As feared by many security experts, Emotet has learned something new – again. As reported by CERT-Bund on Twitter, the malware is now capable of creating authentic replies to existing emails, encouraging unsuspecting recipients to open infected attachments or click on fake links.

The German Federal Office for Information Security (BSI) has, in the past, issued several warnings about the Emotet malware, which spreads by sending credible-looking spam emails from an infected account to address book contacts. Once it has infected a system, the malware can generate further malicious code, with possible dire consequences for companies. It could cause a halt in production or a complete infrastructure failure, and may even require company networks to be rebuilt entirely.

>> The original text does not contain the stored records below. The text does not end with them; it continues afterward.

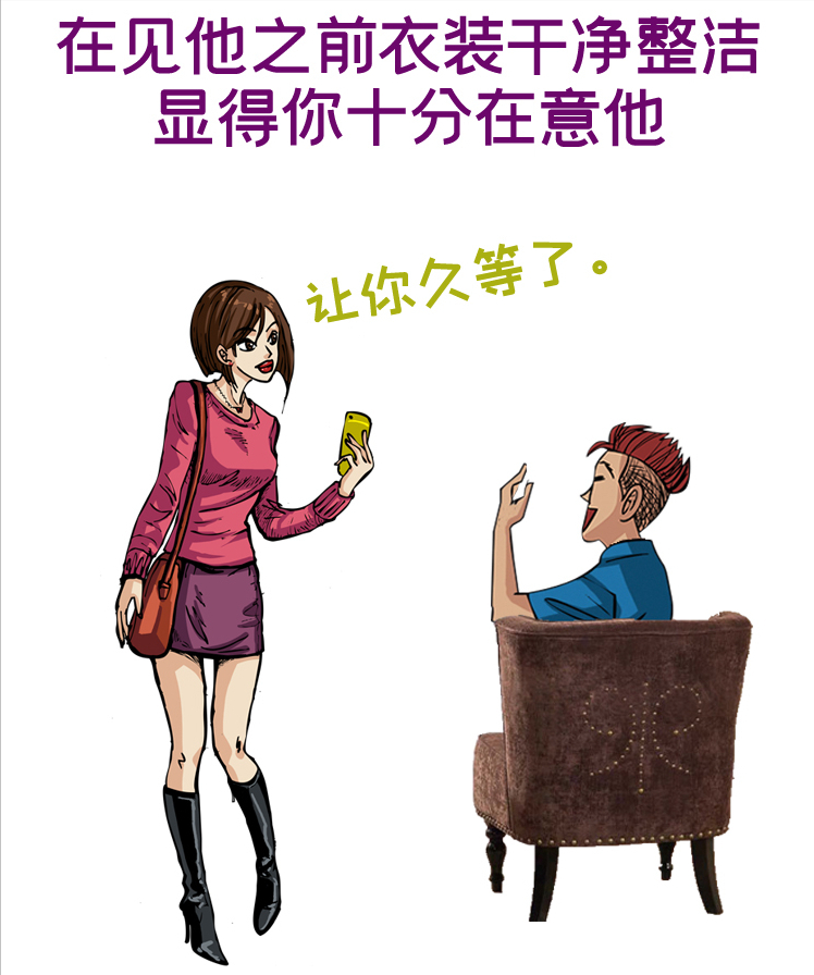 試想假如你蓬頭垢面地見男友,他心裡會十分抵觸你,覺得你每次跟他的約會都在敷衍,所以見面時候一定要確保自己衣裝乾淨整潔,讓對方感受到你戀愛態度十分認真。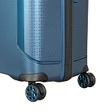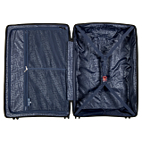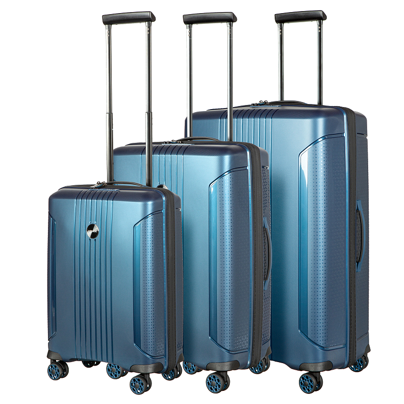 Комплект состоит из трёх чемоданов высотой 77, 67, 55 см. Из прочного полипропиленового материала. Все модели закрывается по периметру на двухстороннюю молнию, оснащёны верхней и боковой ручкой, четырьмя колёсиками 360°. Внутри два отдела для одежды, закрываются на молнию, одна техническая молния с бегунком. Возможность увеличения чемодана на 20% (за счет скрытой молнии), встроенный кодовый замок TSA. Вес: 9 кг.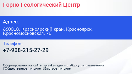 Горно-Геологический Центр по адресу 660018, Красноярский край, Красноярск, Красномосковская, 76 в дальнейшем Организация, размещена в следующих категориях:

Hackers have now made the malware even more sophisticated. Indeed, CERT-Bund tweeted that Emotet no longer only uses the sender’s addresses, but can also produce fake replies to emails by making use of ‘read message’ content. It also embeds authentic links to the domain of the supposed sender. The malware makes use of “spear phishing” techniques in which information about the victim’s contacts and communication behaviour is collected in order to create as authentic an email response as possible with malicious code attached. Emotet has automated this process and is therefore able to send a huge amount of authentic emails in a short space of time, spreading malware at high speed.

Even though this malware is becoming more sophisticated, organisations still have an opportunity to act and protect themselves before it’s too late.

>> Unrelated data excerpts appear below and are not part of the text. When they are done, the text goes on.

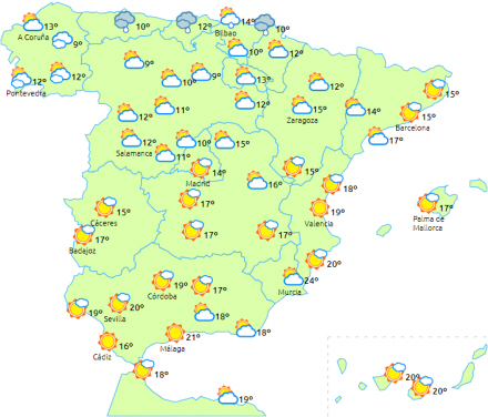 Faldende dagstemperaturer på den nordlige halvdel af halvøen, og det vil være særligt mærkbart i Biscayabugten. Få ændringer i resten.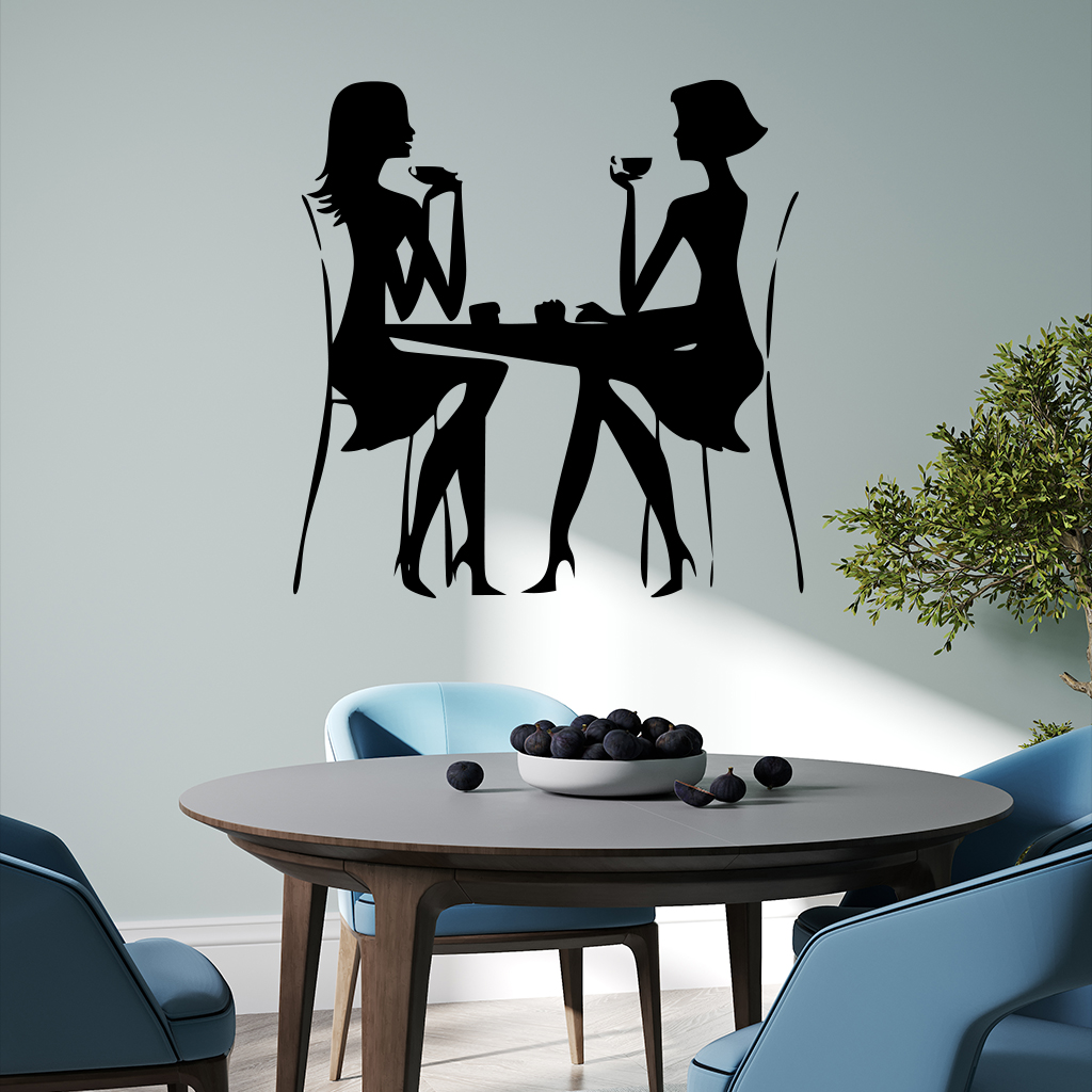 Tato originální samolepící dekorace na zeď Ženy v kavárně oživí vaši kuchyň, jídelnu nebo zútulní malou kavárničku. Dopřáváte si s kamarádkou sedánky s kávou či čajem, pak Vám tato samolepka tyto setkání připomene a na pravidelné schůzky už nezapomenete.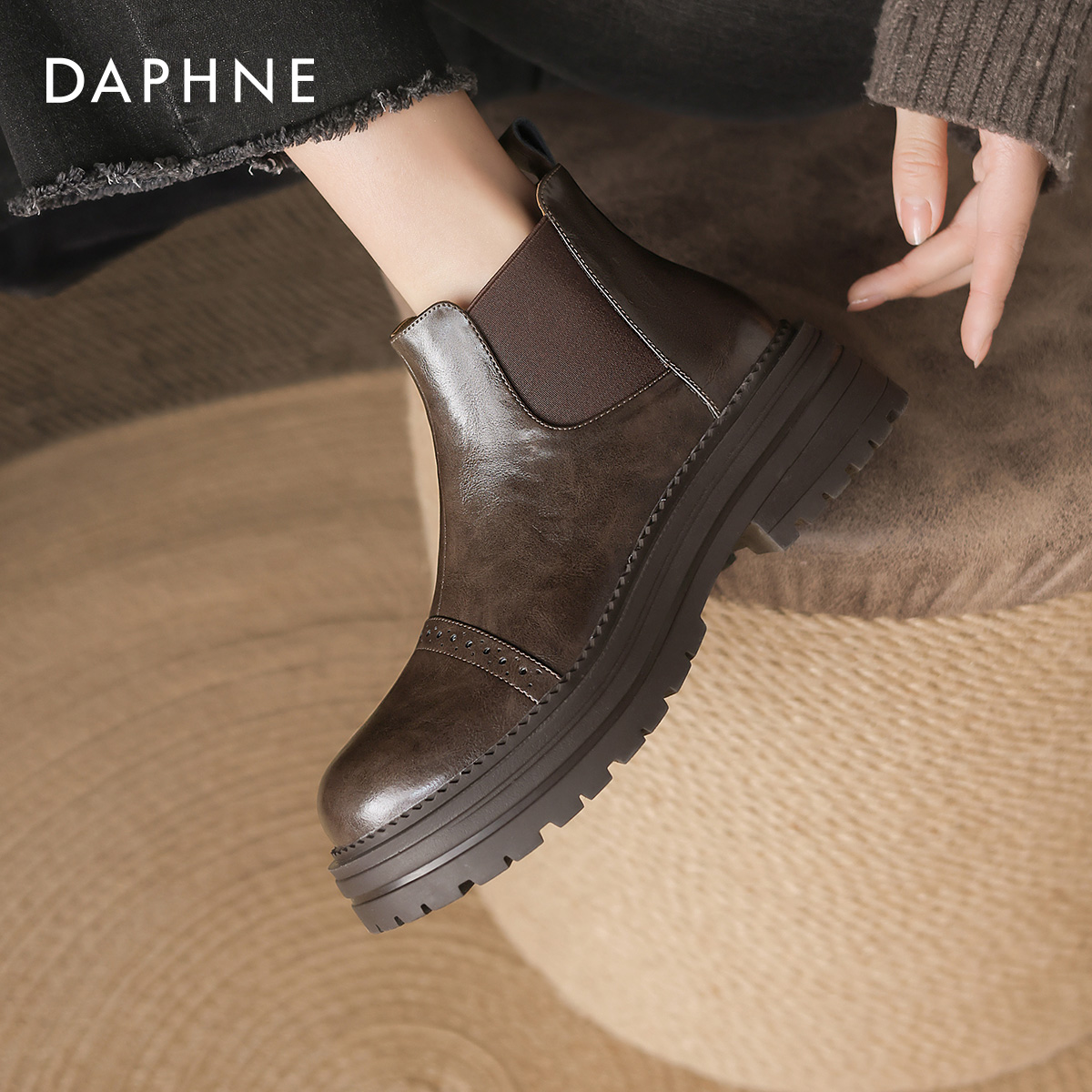达芙妮切尔西短靴女春款 踝靴瘦瘦靴子女春秋英伦风马丁靴 2025新款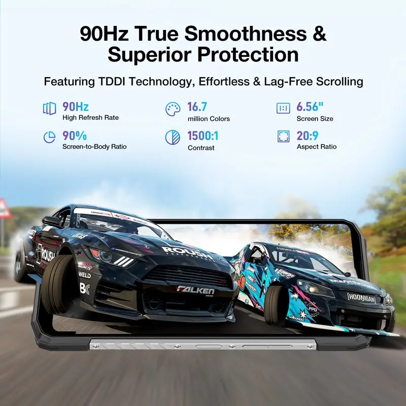 - Pantalla HD de 6.56 pulgadas + 90 Hz y pantalla trasera personalizada de 1.54 pulgadas: experimenta imágenes vibrantes en la pantalla IPS HD+ de 6.56 pulgadas del teléfono inteligente DOOGEE con una frecuencia de actualización suave de 90 Hz, perfecta para transmisión, navegación y juegos. El teléfono resistente DOOGEE también cuenta con una pantalla trasera personalizable única de 1.54 pulgadas que te da acceso instantáneo a la hora, la fecha, el estado de la batería y más, sin despertar la pantalla principal. Diseñado para mayor comodidad y productividad, este resistente teléfono celular mantiene tus elementos esenciales al frente y al centro, todo en una construcción duradera y lista para exteriores.

Companies can and should deploy counteractive measures

On a technical level, taking a closer look at the structure of malware reveals that there are fundamental ways to protect against an attack. The Emotet infection process uses a number of elements that a resilient infrastructure with a flexible and preventive security architecture can defend against. Having this resilience in place means that the infection is not transmitted immediately, for example, when the email recipient opens an attachment, but only when the associated macros in the attached file, such as a Word document, are executed. This means that with standard MS Office settings, a user must manually activate the malware in the attachment in order to transfer it to the network.

What’s more, most employees don’t even need macros for normal day-to-day business. It is therefore advisable to deactivate them completely by default, preventing manual execution by assigning the appropriate rights. A good vulnerability management tool can help here as they can help identify and manage which user accounts can allow the execution of macros. The same is true for PowerShell or administrator rights, as these are also required for Emotet to load.

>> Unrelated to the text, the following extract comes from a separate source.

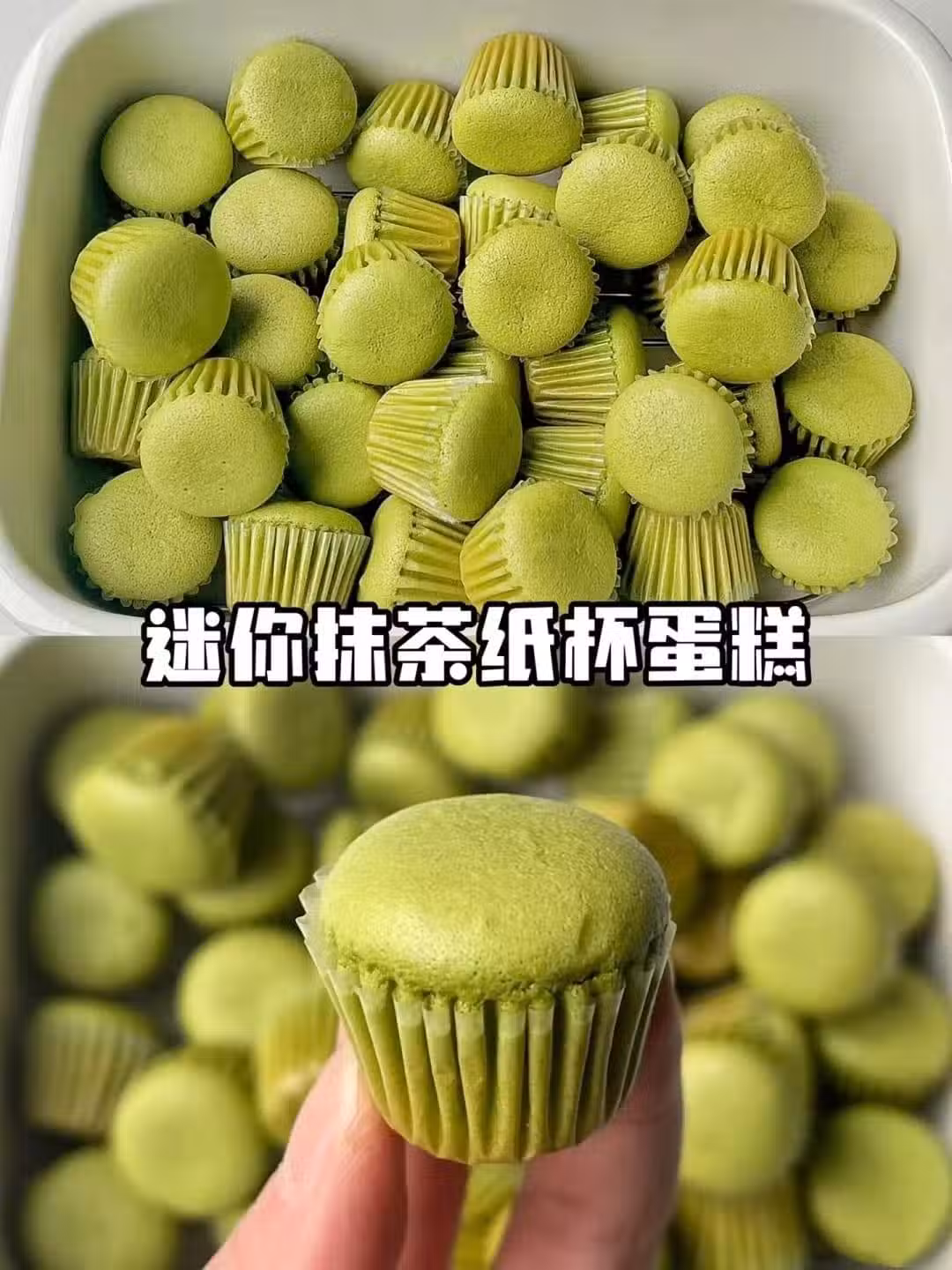 一口一個的迷你抹茶紙杯小蛋糕

Detect reloading of Emotet tools

Even if Emotet has already infected the IT system, there are still defence measures that can be put in place. For example, the malware reloads various tools to spy on access data or encrypted data. These standard tools can be used as indicators of compromise. A vulnerability management tool such as the Greenbone Security Manager can also be used to determine whether reloaded Emotet tools are active in the company’s own IT infrastructure.

Emotet is also distributed from the infected system via the so-called SMB vulnerability, which was made infamous in the WannaCry and Eternal Blue attacks. This vulnerability can be closed with the corresponding update but after the WannaCry outbreak (although many companies made their networks inaccessible to SMB communication from the outside), not all secured their internal communications. Here an examination to pinpoint corresponding weak points is the best way to find any gaps in the system.

Conclusion: Small security measures have a big impact

Large-scale computer failures caused by the Emotet malware can have catastrophic consequences, especially for critical infrastructures such as hospitals as they not only cause economic damage, but also pose a threat to people. Organisations should therefore act before it’s too late and protect their IT infrastructures in the best possible way. To become resistant to phishing attacks from advanced malware such as the new Emotet type, a few coordinated measures, such as deactivating unnecessary macros and closing known vulnerabilities as quickly as possible, are often enough.